◆ **Problem details**: If a record below holds a picture, drop the picture and restate everything else word for word.

◆ **Working data**:
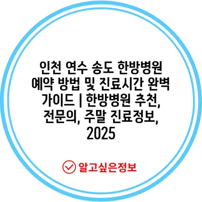 인천 연수 송도 한방병원 예약 방법 및 진료시간 완벽 설명서 | 한방병원 추천, 전연락, 주말 진료정보, 2025 에 대해 자주 묻는 질문 TOP 5
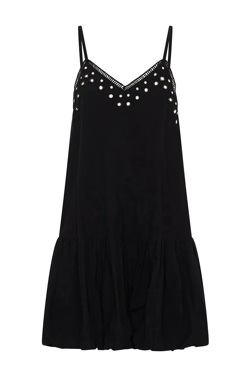 Eyelet Cotton Bubble Hem Mini Dress Black
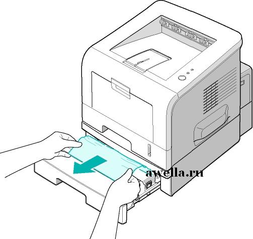 Если вы не можете определить место замятия или бумага удаляется с трудом, извлеките лоток из принтера и осторожно удалите мятую бумагу.
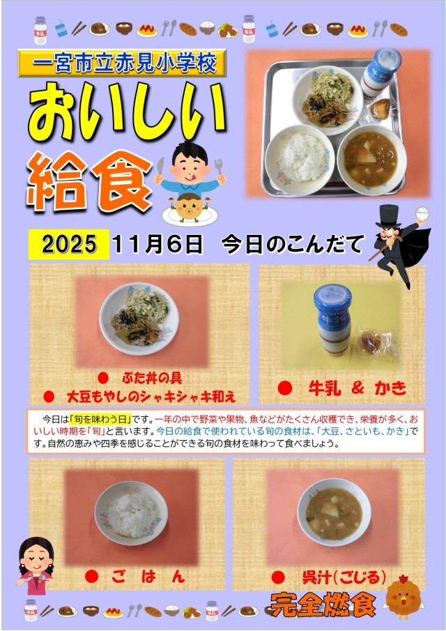 【献立あれこれ】『呉汁』『ぶた丼の具』『大豆もやしのシャキシャキ和え』『柿(かき)』今日は「旬を味わう日」です。一年の中で野菜や果物、魚などがたくさん収穫でき、栄養が多く、おいしい時期を「旬」と言いま...
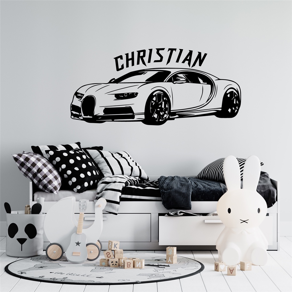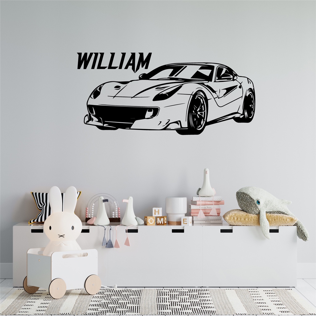Cool Sports Car Custom Name Vinyl Wall Sticker For Kids Rooms Decal Car Stickers For Boys Room Decoration Wallpaper
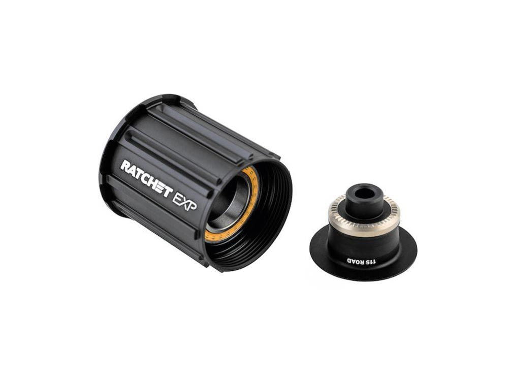 Zum Umruesten der DT Swiss EXP Ratchet Star Naben mit Zahnscheiben System auf Shimano und Sram 8-9-10-11 Rennrad Zahnkranzaufnahme. Das Kit beinhaltet den Freilaufkoerper und den Rahmenanschlag fuer 10mm Schnellspannn Monatage. Die rechten Endanschlaege sind bei 130 und 135 mm Einbaubreite gleich.
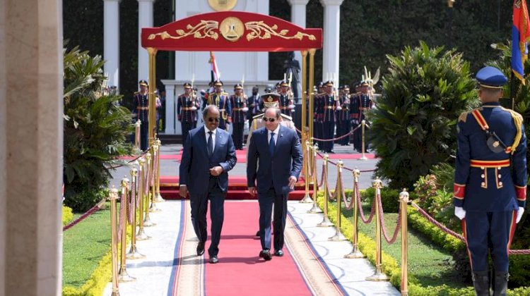 استقبل السيد الرئيس عبد الفتاح السيسي، اليوم بقصر الاتحادية، رئيس جمهورية الصومال، د. حسن شيخ محمود، الذي يقوم بزيارة رسمية لمصر لعدة أيام، حيث أُجريت مراسم الاستقبال الرسمي وتم عزف السلامين الوطنيين.
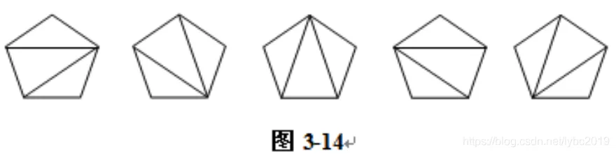 问题的提出:在一个凸n边形中,通过不相交于n边形内部的对角线,把n边形拆分成若干三角形,不同的拆分数目用hn表示,hn即为Catalan数。例如五边形有如下五种拆分方案(图3-14),故h5=5。求对于一个任意的凸n边形相应的hn。
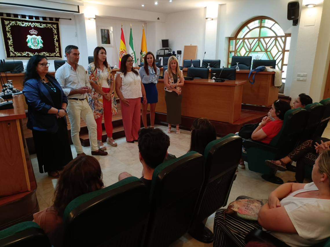 La vicepresidenta de Empleo y Formación de Mancomunidad, María Teresa García León; junto a los vicepresidentes también de la Mancomunidad, May Gallego y Pablo García; y la concejala de Empleo y Formación, Cristina Silva, han dado la bienvenida a los alumnos y alumnas que participan en estos cursos de formación.
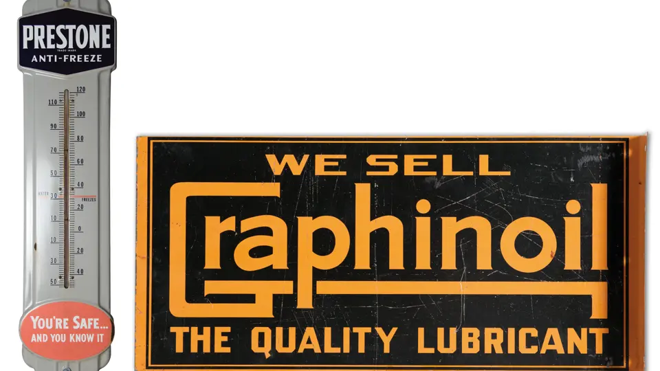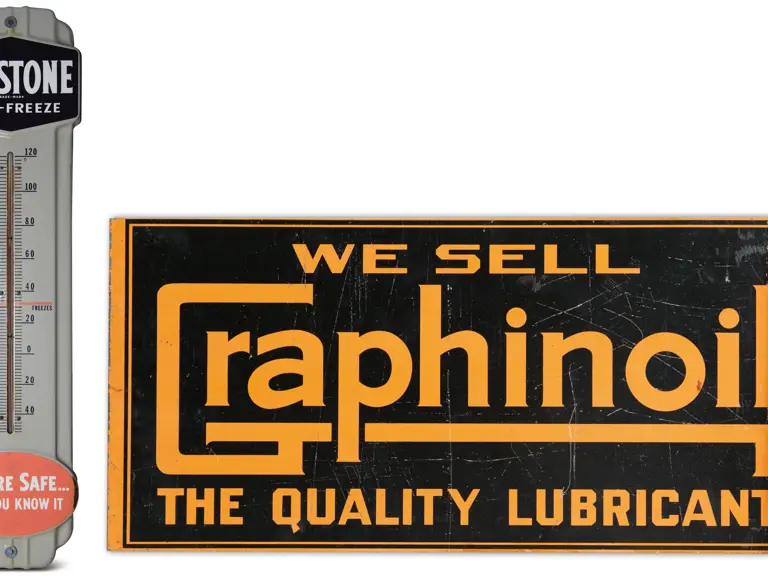 Glossy finish and colors are mainly bright. Some light discoloration around mounting holes and near bottom of thermometer. Minor edge chipping and rusting, and a couple of small chips in the graphic area. RM Grade: 6+
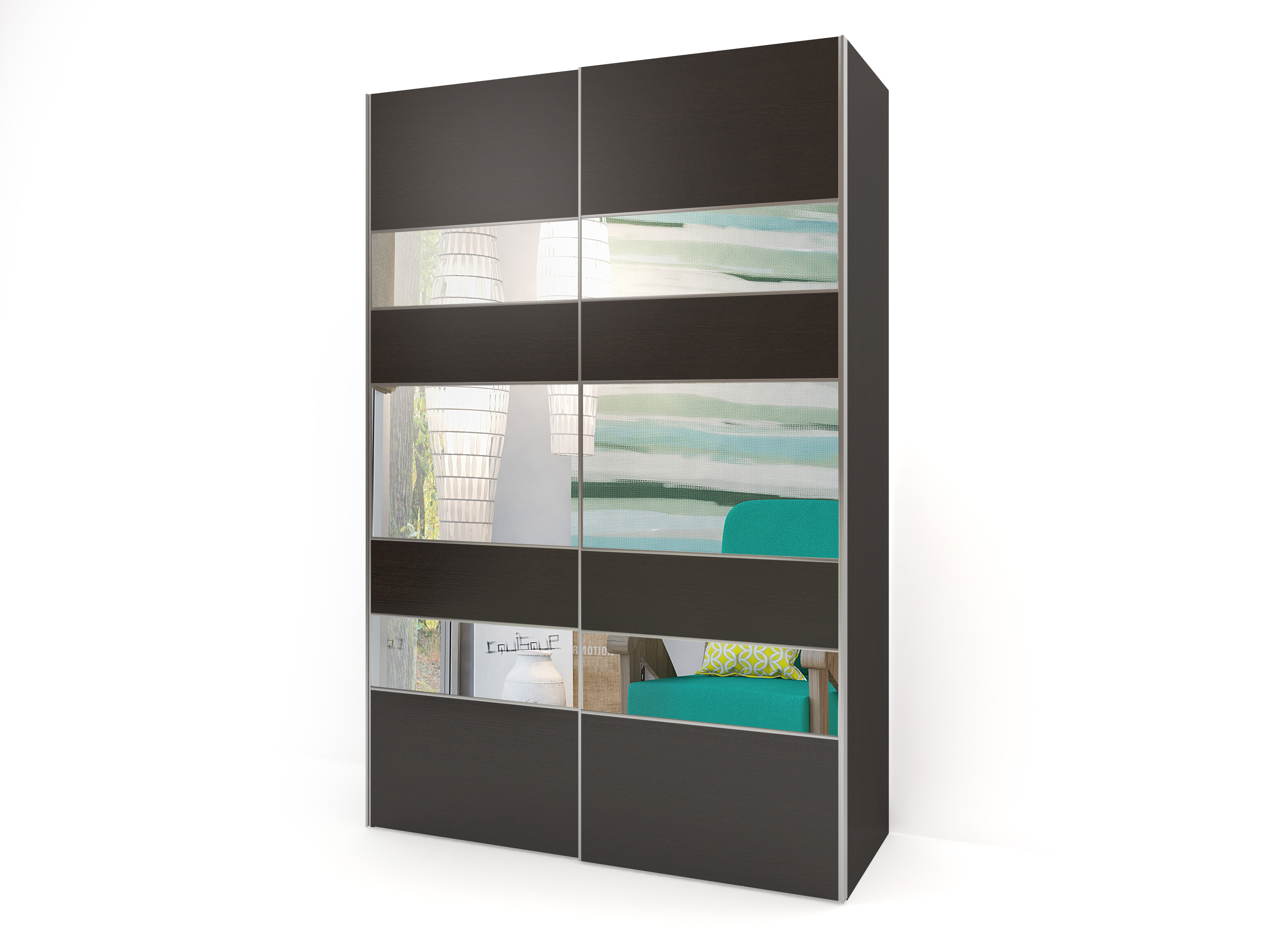 Используемый материал: корпус - ламинированное ДСП, ЛДВП, система направляющих "Реал" (один из видов верхнеподвесной системы премиум-класса с алюминиевыми профилями, отличающаяся бесшумностью и плавностью хода. Система создает впечатление «парящих» дверей, в связи с чем шкаф не выглядит тяжеловесным), профиль серебро, зеркало, кромка 0,4 мм
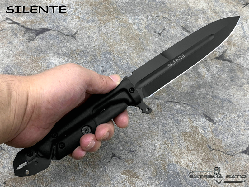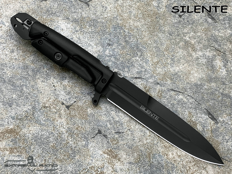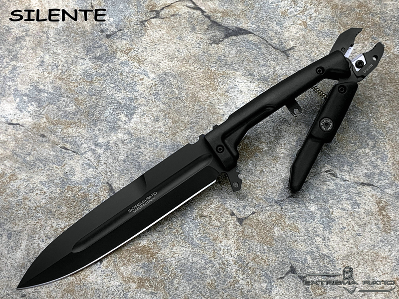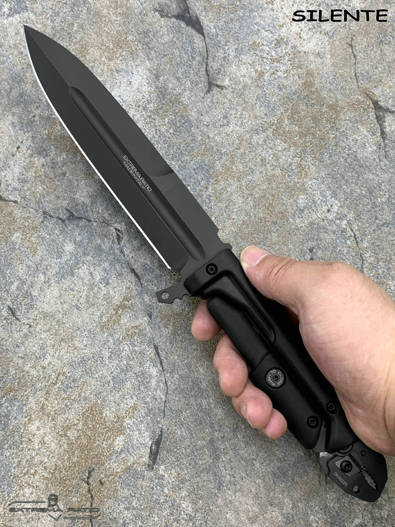 全长:308mm 刃长:154mm 刃材:N690 硬度:58HRC 刃厚:6.3mm 刃宽:33mm 产地:意大利重量:337g 意大利中央安全局40周年期间特委托极端武力设计一款战术救援刀作为国家反恐需求,SILENTE就此诞生。 意大利极端武力-国家警察反恐部门配发装备,手柄五合一多功能钳用于切割铁丝网,线材,钢缆等,并且由于其末端装有碳化钨嵌件,还可以用作玻璃破碎锤。
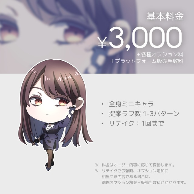 ・大幅なリテイク・描き直しについては追加料金をいただきます。ご了承ください。
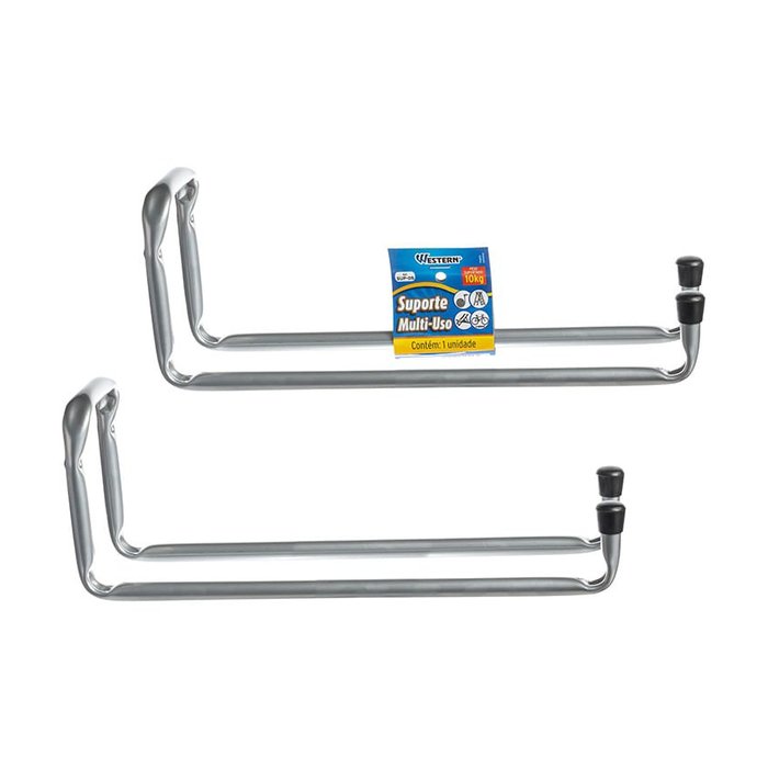 SUPORTE MULTIUSO 30CM - Dimensões da Peça: 9 x 30 x 12cm - Dimensões da Embalagem: 9 x 30 x 17cm - Quantidade Inner: 5 Peças - Dimensões Inner: 33 x 14,5 x 14cm - Quantidade Master: 100 Peças - Dimensões Master: 68 x 30 x 43,5cm - Material: Aço Carbono e Plástico - Cor: Prato com Preto - Tipo de Embalagem: Suporte - Marca: Western - Origem: China - Capacidade Suportada: 10kg - Espessura: 1,2cm - Contém: 1 unidade - Características: - O suporte multiuso é um item prático que vai facilitar e trazer praticidade ao seu ambiente. - Ideal para manter o ambiente organizado. - Utilizado para pendurar escadas, cadeira dobráveis de praia, mangueiras, fios e outros. - Perigos: - Não colocar mais peso do que o suportado pelo produto para evitar possíveis acidentes. - Advertência: - Produto não acompanha buchas e parafusos, os mesmos devem ser adquiridos separadamente. - Instruções de uso: -
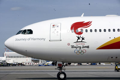 The Olympic Torch plane arrives in Athens of Greece on March 29, 2008. [Xinhua]
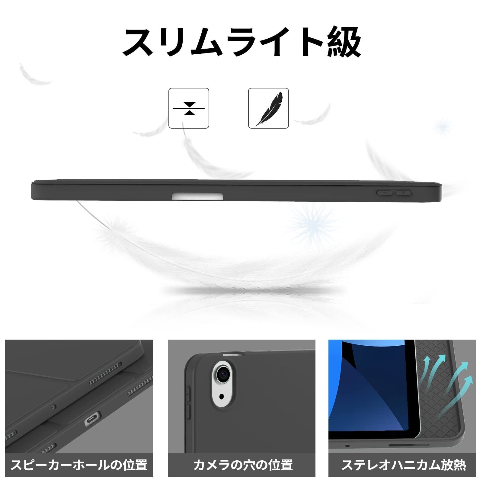 【人気商品】KenKe iPad Air 11インチ(M2) ケース 2024 iPad Air5/Air4 ケース 2022/2020 軽量 柔らかいシリコン TPU材質 ペン収納 iPad Air 第5/4世代 カバー 3段階折り畳み可 スタンド マグネット付き 自動スリープ機能 Apple Pencil 収納可能 iPad Air 5/4 10.9インチ に対応 (ダークブラック) | ニコニコSHOP
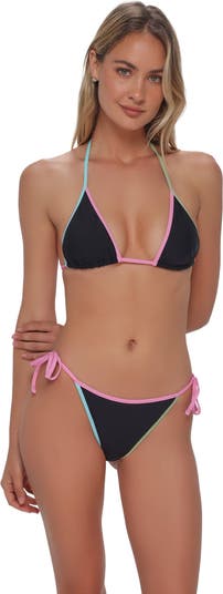 The Trisha Triangle gives a fresh spin to a classic bikini top. She features removable cups for custom shape and support, while her contrast binding delivers a playful pop. Soft, adjustable ties hold her in place, keeping you secure from surf to sunset.
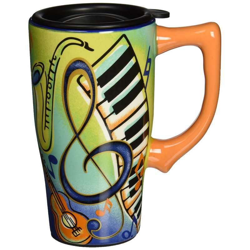 Spoontiques - Ceramic Travel Mugs - Music Cup - Hot or Cold Beverages - Gift for Coffee Lovers
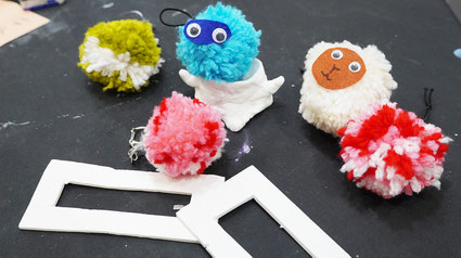 組み合わせる毛糸によって色合いを変えることができ、フェルトを使って顔を付けてぬいぐるみのようにもでき、キーホルダーを付けてランドセルにも付けることもできるので、アイディアが膨らむ創作物となっています。

◆ **Written response**:
 인천 연수 송도 한방병원 예약 방법 및 진료시간 완벽 설명서 | 한방병원 추천, 전연락, 주말 진료정보, 2025 에 대해 자주 묻는 질문 TOP 5
 Eyelet Cotton Bubble Hem Mini Dress Black
 Если вы не можете определить место замятия или бумага удаляется с трудом, извлеките лоток из принтера и осторожно удалите мятую бумагу.
 【献立あれこれ】『呉汁』『ぶた丼の具』『大豆もやしのシャキシャキ和え』『柿(かき)』今日は「旬を味わう日」です。一年の中で野菜や果物、魚などがたくさん収穫でき、栄養が多く、おいしい時期を「旬」と言いま...
Cool Sports Car Custom Name Vinyl Wall Sticker For Kids Rooms Decal Car Stickers For Boys Room Decoration Wallpaper
 Zum Umruesten der DT Swiss EXP Ratchet Star Naben mit Zahnscheiben System auf Shimano und Sram 8-9-10-11 Rennrad Zahnkranzaufnahme. Das Kit beinhaltet den Freilaufkoerper und den Rahmenanschlag fuer 10mm Schnellspannn Monatage. Die rechten Endanschlaege sind bei 130 und 135 mm Einbaubreite gleich.
 استقبل السيد الرئيس عبد الفتاح السيسي، اليوم بقصر الاتحادية، رئيس جمهورية الصومال، د. حسن شيخ محمود، الذي يقوم بزيارة رسمية لمصر لعدة أيام، حيث أُجريت مراسم الاستقبال الرسمي وتم عزف السلامين الوطنيين.
 问题的提出:在一个凸n边形中,通过不相交于n边形内部的对角线,把n边形拆分成若干三角形,不同的拆分数目用hn表示,hn即为Catalan数。例如五边形有如下五种拆分方案(图3-14),故h5=5。求对于一个任意的凸n边形相应的hn。
 La vicepresidenta de Empleo y Formación de Mancomunidad, María Teresa García León; junto a los vicepresidentes también de la Mancomunidad, May Gallego y Pablo García; y la concejala de Empleo y Formación, Cristina Silva, han dado la bienvenida a los alumnos y alumnas que participan en estos cursos de formación.
 Glossy finish and colors are mainly bright. Some light discoloration around mounting holes and near bottom of thermometer. Minor edge chipping and rusting, and a couple of small chips in the graphic area. RM Grade: 6+
 Используемый материал: корпус - ламинированное ДСП, ЛДВП, система направляющих "Реал" (один из видов верхнеподвесной системы премиум-класса с алюминиевыми профилями, отличающаяся бесшумностью и плавностью хода. Система создает впечатление «парящих» дверей, в связи с чем шкаф не выглядит тяжеловесным), профиль серебро, зеркало, кромка 0,4 мм
 全长:308mm 刃长:154mm 刃材:N690 硬度:58HRC 刃厚:6.3mm 刃宽:33mm 产地:意大利重量:337g 意大利中央安全局40周年期间特委托极端武力设计一款战术救援刀作为国家反恐需求,SILENTE就此诞生。 意大利极端武力-国家警察反恐部门配发装备,手柄五合一多功能钳用于切割铁丝网,线材,钢缆等,并且由于其末端装有碳化钨嵌件,还可以用作玻璃破碎锤。
 ・大幅なリテイク・描き直しについては追加料金をいただきます。ご了承ください。
 SUPORTE MULTIUSO 30CM - Dimensões da Peça: 9 x 30 x 12cm - Dimensões da Embalagem: 9 x 30 x 17cm - Quantidade Inner: 5 Peças - Dimensões Inner: 33 x 14,5 x 14cm - Quantidade Master: 100 Peças - Dimensões Master: 68 x 30 x 43,5cm - Material: Aço Carbono e Plástico - Cor: Prato com Preto - Tipo de Embalagem: Suporte - Marca: Western - Origem: China - Capacidade Suportada: 10kg - Espessura: 1,2cm - Contém: 1 unidade - Características: - O suporte multiuso é um item prático que vai facilitar e trazer praticidade ao seu ambiente. - Ideal para manter o ambiente organizado. - Utilizado para pendurar escadas, cadeira dobráveis de praia, mangueiras, fios e outros. - Perigos: - Não colocar mais peso do que o suportado pelo produto para evitar possíveis acidentes. - Advertência: - Produto não acompanha buchas e parafusos, os mesmos devem ser adquiridos separadamente. - Instruções de uso: -
 The Olympic Torch plane arrives in Athens of Greece on March 29, 2008. [Xinhua]
 【人気商品】KenKe iPad Air 11インチ(M2) ケース 2024 iPad Air5/Air4 ケース 2022/2020 軽量 柔らかいシリコン TPU材質 ペン収納 iPad Air 第5/4世代 カバー 3段階折り畳み可 スタンド マグネット付き 自動スリープ機能 Apple Pencil 収納可能 iPad Air 5/4 10.9インチ に対応 (ダークブラック) | ニコニコSHOP
 The Trisha Triangle gives a fresh spin to a classic bikini top. She features removable cups for custom shape and support, while her contrast binding delivers a playful pop. Soft, adjustable ties hold her in place, keeping you secure from surf to sunset.
 Spoontiques - Ceramic Travel Mugs - Music Cup - Hot or Cold Beverages - Gift for Coffee Lovers
 組み合わせる毛糸によって色合いを変えることができ、フェルトを使って顔を付けてぬいぐるみのようにもでき、キーホルダーを付けてランドセルにも付けることもできるので、アイディアが膨らむ創作物となっています。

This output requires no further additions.